Struggling through highly dubious first descriptions in languages I sometimes don't understand was only one part of the story. Indeed it wasn't that easy to distinguish some species, so don't blame me for some funny species distinctions, it's usually the recent status in taxonomy - as strange as it sounds.
Lots of species haven't been redescribed in more than 120 years and thus still remain in a valid status, but I have to consider that. 
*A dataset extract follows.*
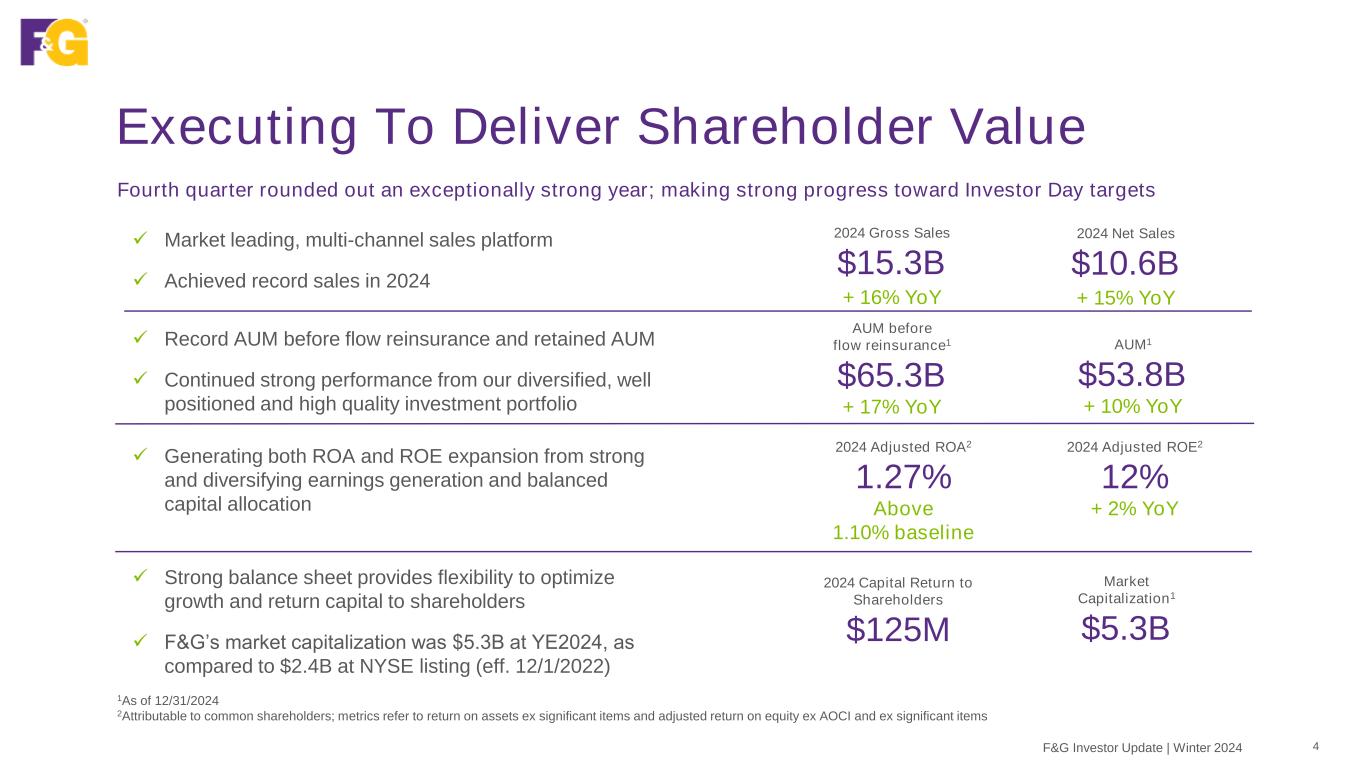 Disclaimer & Forward-Looking Statements 2F&G Investor Update | Winter 2024 This presentation contains forward-looking statements that are subject to known and unknown risks and uncertainties, many of which are beyond our control. Some of the forward-looking statements can be identified by the use of terms such as “believes”, “expects”, “may”, “will”, “could”, “seeks”, “intends”, “plans”, “estimates”, “anticipates” or other comparable terms. Statements that are not historical facts, including statements regarding our expectations, hopes, intentions or strategies regarding the future are forward-looking statements. Forward-looking statements are based on management's beliefs, as well as assumptions made by, and information currently available to, management. Because such statements are based on expectations as to future financial and operating results and are not statements of fact, actual results may differ materially from those projected. We undertake no obligation to update any forward-looking statements, whether as a result of new information, future events or otherwise. The risks and uncertainties which forward-looking statements are subject to include, but are not limited to: general economic conditions and other factors, including prevailing interest and unemployment rate levels and stock and credit market performance; natural disasters, public health crises, international tensions and conflicts, geopolitical events, terrorist acts, labor strikes, political crisis, accidents and other events; concentration in certain states for distribution of our products; the impact of interest rate fluctuations; equity market volatility or disruption; the impact of credit risk of our counterparties; changes in our assumptions and estimates regarding amortization of our deferred acquisition costs, deferred sales inducements and value of business acquired balances; regulatory changes or actions, including those relating to regulation of financial services affecting (among other things) underwriting of insurance products and regulation of the sale, underwriting and pricing of products and minimum capitalization and statutory reserve requirements for insurance companies, or the ability of our insurance subsidiaries to make cash distributions to us; and other factors discussed in “Risk Factors” and other sections of the Company’s Form 10-K and other filings with the Securities and Exchange Commission.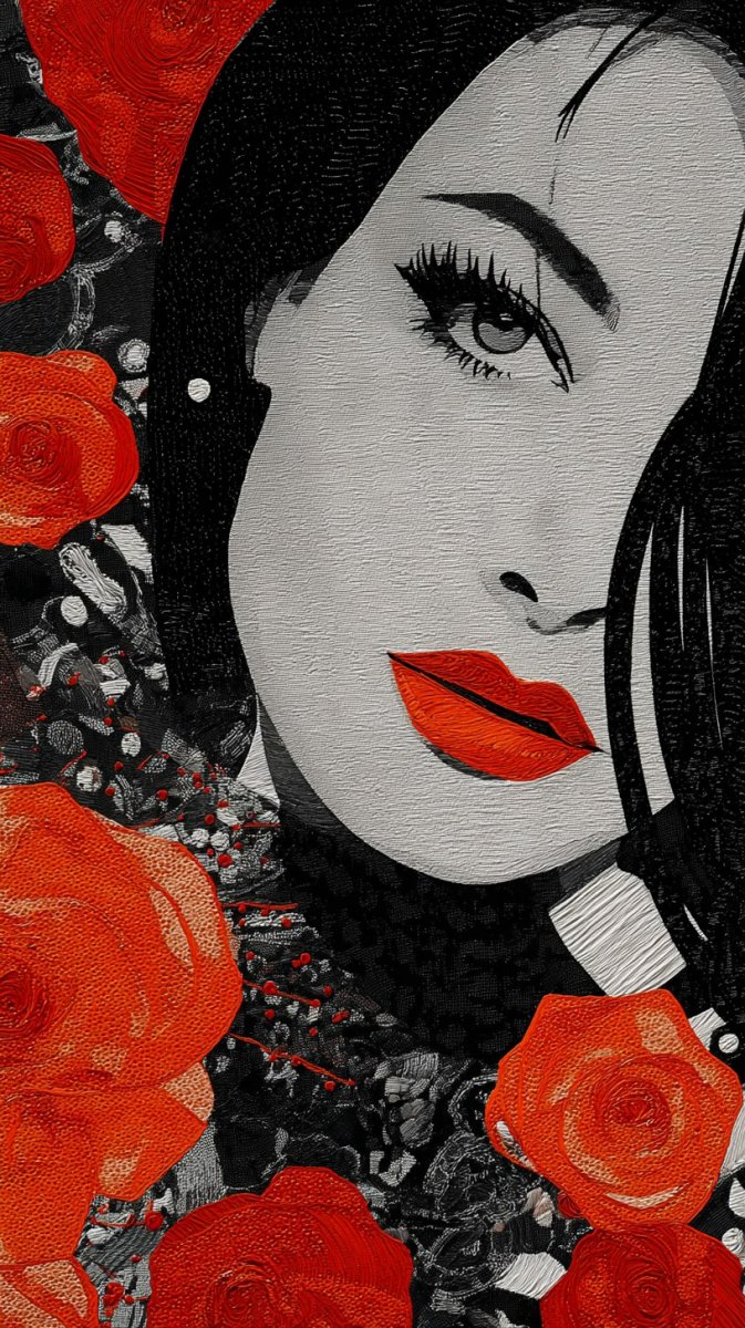 Изысканный портрет в стиле ар-деко запечатлевает пленительную красоту привлекательной женщины с длинными черными волосами и яркой красной помадой. Искусство Жана вдохновляет на создание этого произведения, где контраст черно-белой полосатой ткани, украшенной алыми розами, подчеркивает роскошь и чувственность образа. Прекрасные черты лица, выразительные губы и соблазнительные ресницы создают неповторимый шарм. Тщательно продуманный дизайн, яркий оранжевый оттенок, неоновый блеск и интенсивное освещение придают портрету завораживающую динамику и современность. Этот стиль излучает богатство и утонченность, а эффектная поза с подхваченной рукой добавляет образу загадочности и элегантности. Портрет – это ода женственности и стилю, воплощенная в ярких красках и смелых решениях, дарящая зрителю ощущение роскоши и неповторимого очарования эпохи ар-деко. Каждое детали продумана до мелочей, создавая визуальный шедевр, который не оставляет равнодушным. Это произведение искусства – гимн красоте, уверенности и безупречному вкусу

Following species are not included in the key because of either being written in Latin (my limit of struggling), unavailable literature or being in a highly dubious state:

_S. appendiculata
S. latro
S. angusticollis
S. anomia
S. chlorotes
S. crassa
S. morsitans coerulescens
S. violacea_

I hope this helps a little bit to identify your Scolopendra-centipedes since one of my wishes for 2010 is to establish a rule that all papers have to be written in English language. In order to avoid you Americans envy us Germans for accessing so many papers in German language I planned to develop a key for each genus in English - and recently I'm working on Cormocephalus, but still way to go. 
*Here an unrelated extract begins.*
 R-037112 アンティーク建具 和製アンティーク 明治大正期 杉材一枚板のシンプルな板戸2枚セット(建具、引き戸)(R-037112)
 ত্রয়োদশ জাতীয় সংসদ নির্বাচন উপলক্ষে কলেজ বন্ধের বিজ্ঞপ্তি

(Sorry for the crappy file format, hope you enjoy it anyway...)


----------



## zonbonzovi (Dec 17, 2009)

I rescind my American envy immediately.  Fantastic work!  I hope all this makes it into a sticky.


----------



## rasputin (Dec 17, 2009)

zonbonzovi said:


> Fantastic work!  I hope all this makes it into a sticky.


+1 sticky, sticky

Thanks Peter!


----------



## PoPpiLLs (Dec 17, 2009)

peterbourbon thank you for the hard work . 

Damion


----------



## BiologicalJewels (Dec 18, 2009)

You are a good man.
Thank you,


OR


----------



## syndicate (Dec 18, 2009)

Nice work!!


----------



## Galapoheros (Dec 18, 2009)

Turgut, what happened to you?, divine pede intervention?  It looks like you said, "I've had enough of this!" BOOM!


----------



## rasputin (Dec 18, 2009)

Oh, I need to add that I think the file format is great - perfect even. As far as documents being written in English...I only discovered today that the Mexican documentations are being published in English - it blew my mind because the site's in Spanish and I expected to sit there for a couple hours translating documentation for people. It's getting big to publish scientific documents in English and even though I can read in 4 languages fluently, I still much appreciate English because ti sucks having to translate documents for people. I'm sure it was quite frustrating having to translate all of that information and I commend you on the intense dedicaiton to furthering the knowledgebase.


----------



## SAn (Dec 18, 2009)

contribution to community is undeniable. Cheers Turgut


----------



## Ice Cold Milk (Dec 18, 2009)

/me right clicks, "saves file as"

Thank you so much!


----------



## Scourge (Dec 18, 2009)

Thank you very much for taking the time to do all this. It's a massive help for everyone


----------



## Samuel (Dec 19, 2011)

very nice job!!!!

are you familiar with chilobase data bank?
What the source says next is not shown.